[[ Dataset extract, beginning ]]

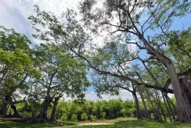 榕树高达30米,可向四面无限伸展。其支柱根和枝干交织在一起,形似稠密的丛林,因此被称为“独木成林”。
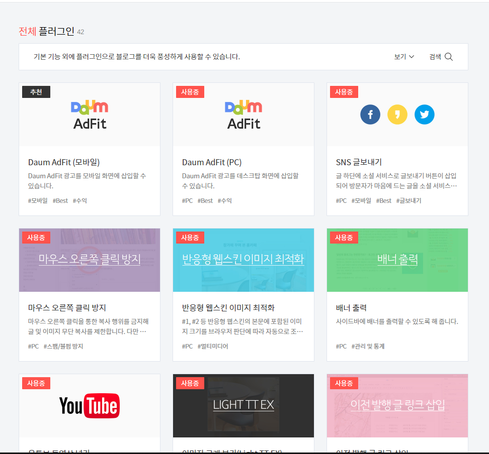 플로그인에 있는 Daum AdFit(PC)를 찾아서 눌러줍니다.
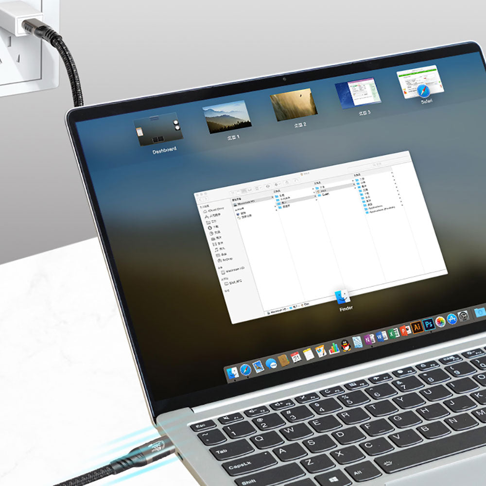 Qgeem QG01, şarj deneyiminizi bir üst seviyeye taşımak için tasarlandı! Bu hızlı şarj kablosu, Thunderbolt 3, USB-C ve DisplayPort cihazlarınıza video ve veri göndermek için herhangi bir USB-C'ye bağlanmanızı sağlar.
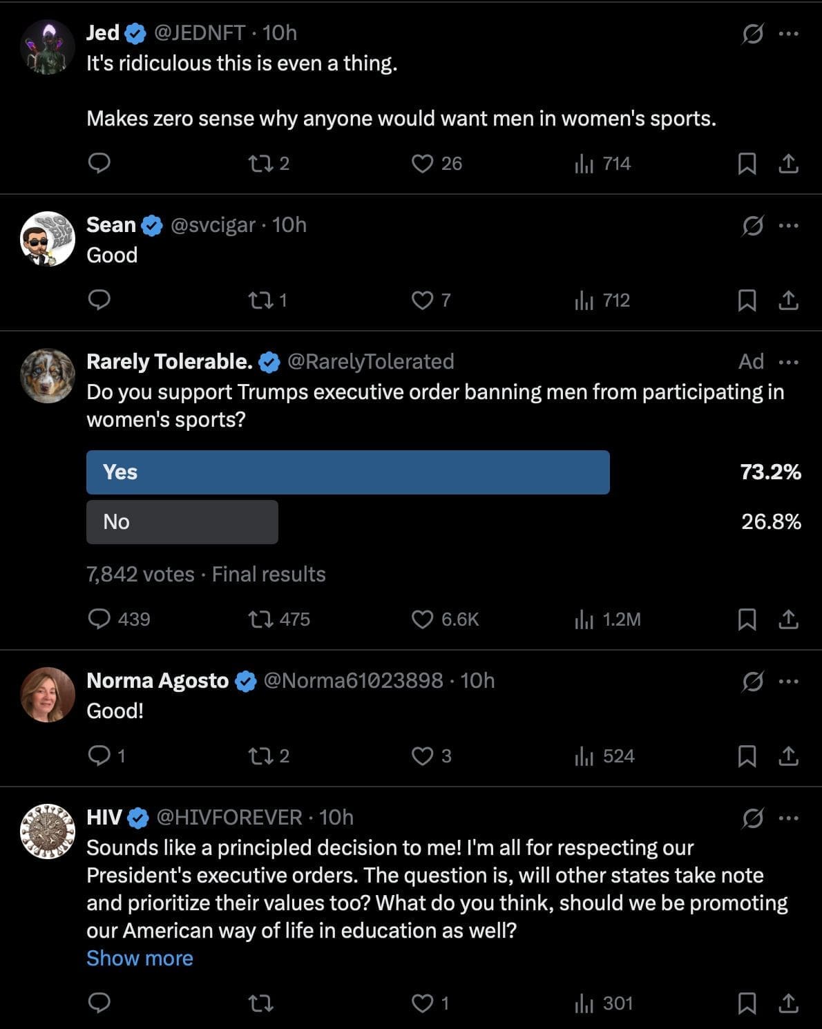 ADVERTISEMENT“Thinking about transgender female athletes — meaning athletes who were male at birth but who currently identify as female — do you think they should or should not be allowed to compete in women’s sports?” the survey asked.

[[ Dataset extract, end ]]

Your task — Please reproduce each line of the listing above exactly, skipping pictures.

Finished task —
 榕树高达30米,可向四面无限伸展。其支柱根和枝干交织在一起,形似稠密的丛林,因此被称为“独木成林”。
 플로그인에 있는 Daum AdFit(PC)를 찾아서 눌러줍니다.
 Qgeem QG01, şarj deneyiminizi bir üst seviyeye taşımak için tasarlandı! Bu hızlı şarj kablosu, Thunderbolt 3, USB-C ve DisplayPort cihazlarınıza video ve veri göndermek için herhangi bir USB-C'ye bağlanmanızı sağlar.
 ADVERTISEMENT“Thinking about transgender female athletes — meaning athletes who were male at birth but who currently identify as female — do you think they should or should not be allowed to compete in women’s sports?” the survey asked.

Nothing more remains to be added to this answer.